Minority-owned businesses are 5.8 million strong, and growing. Generating over $1 trillion each year, they continue to build their presence across local communities and 41 countries worldwide. Between 2002 and 2007, the growth of businesses owned by minorities outpaced the growth of nonminority-owned businesses. These entrepreneurs are important contributors to local markets, but they are also crucial to developing national economic competitiveness.

Of minority-owned enterprises, 1.6 million are owned by Asian Americans. Of those businesses with fewer than 100 employees, nearly 2.3 million are owned by Hispanic Americans and nearly 2 million are owned by African Americans. Nearly 2 million minority employers are women. The diversity of minority employers is present in virtually every sector of private industry, yet many of them encounter similar disadvantages.

As racial and ethnic minorities, these employers, employees, and their families experience significant health disparities, which are aggravated when they are unable to access affordable health care coverage.
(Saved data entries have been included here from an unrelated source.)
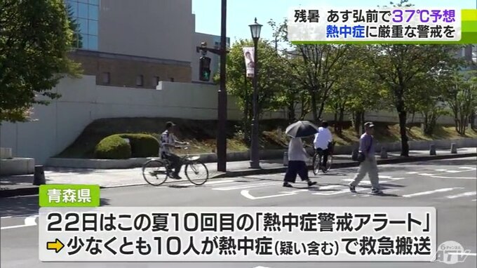 22日は青森県にこの夏10回目の「熱中症警戒アラート」が発表され、少なくとも10人が熱中症やその疑いで救急搬送されました。
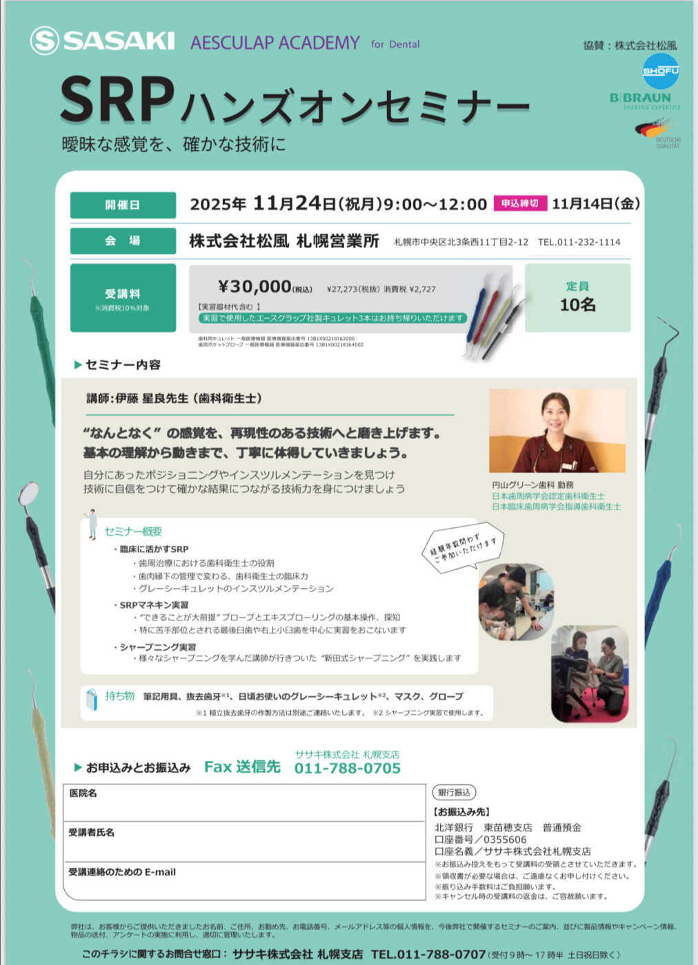 このセミナーでは、歯周基本治療におけるスケーリング・ルートプレーニング(SRP)の技術を
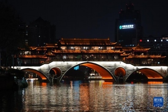 這是3月1日拍攝的成都市錦江安順廊橋夜景。
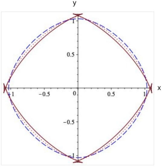 Figure 5. A Wulff plot of the anisotropy function Equation (19) for a range of values: ϵ = 1 / 30 ,1/15,1/10. These are, respectively: dashed blue; dotted red; solid brown. For values of ϵ < 1 / 15 , the Wulff shape is continuous, but for values of ϵ > 1 / 15 m the plot develops cusps (in the solid brown line).
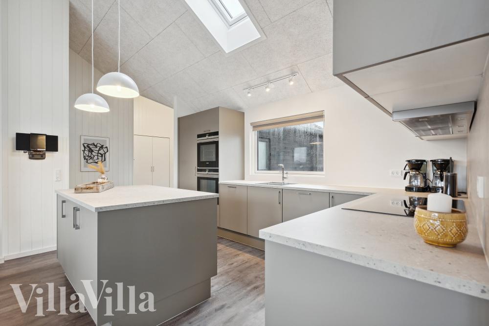 Det 18-personers Sammenhus™ byder på 7 soveværelser, 2 hemse med i alt 4 sovepladser og 3 badeværelser – perfekt til både familier og vennegrupper. Det store opholdsrum er husets naturlige samlingspunkt med en hyggelig brændeovn, komfortabel sofagruppe og et langt spisebord, hvor alle kan samles til måltider eller spil. Det moderne XL-køkken er fuldt udstyret med alt, hvad I behøver – bl.a. 2 opvaskemaskiner og 2 ovne, så madlavningen bliver en fælles fornøjelse.
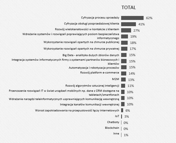 Na transformację cyfrową decyduje się coraz więcej polskich przedsiębiorstw. Jej przebieg, zakres i rola uzależnione są od stawianych celów. Proces ten to ciągła zmiana i doskonalenie, a nie projekt, który można zamknąć w ciągu roku lub dwóch. Jak pokazują wyniki badania Orange Insights wykonanego przez ICAN Research około 8% dużych firm i korporacji wpisuje nowe technologie w model biznesowy. Cyfryzacja staje się dla nich kluczowym narzędziem służącym do zwiększania efektywności rynkowej. Przykładem mogą być bankowość i e‑commerce, gdzie zaciera się granica między technologią a tradycyjnie rozumianym biznesem. Inwestycja w cyfryzację to w ich przypadku krótko- i długoterminowe cele, obarczone ryzykiem niepowodzenia. Te firmy najszybciej adaptują nowe technologie. Obecnie 83% z nich wdrożyło modele uczenia maszynowego, a 63% rozwija projekty sztucznej inteligencjiIndeks górny 11.
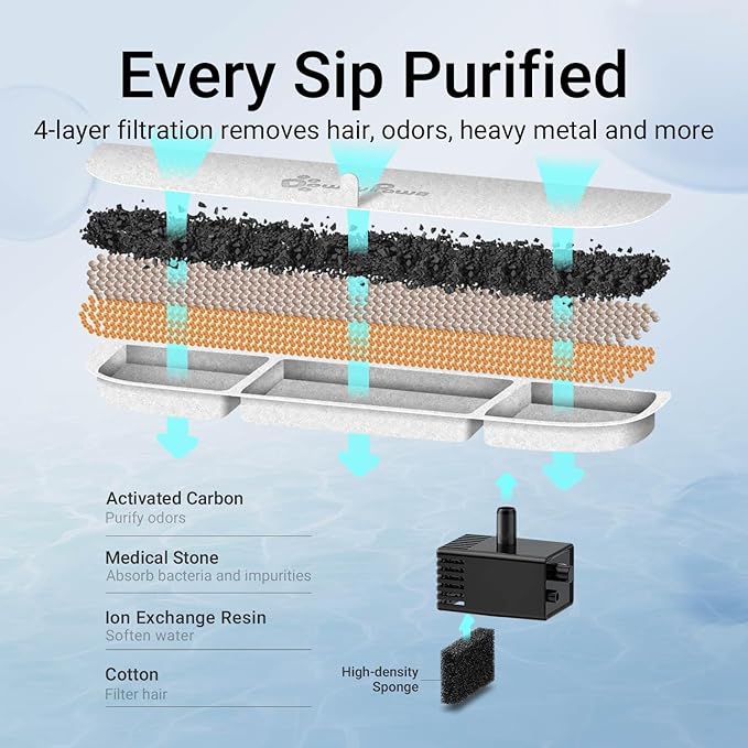 - Enjoy Every Sip of Fresh Water: DownyPaws cat fountains for drinking employs a multi-stage filtration system that effectively removes hair and impurities while releasing trace elements and softening the water to enhance palatability

Many small employers are unable to access coverage for themselves or their employees. Because insurers consider these employers “small groups,” small businesses are not as likely as large groups (large employers) to spread risk. Small businesses are often considered high-risk groups, so insurers charge them high costs. These high costs keep many small employers from offering health benefits, and when small business employees do obtain health coverage through their employers, they tend to have less generous plans than employees at large businesses.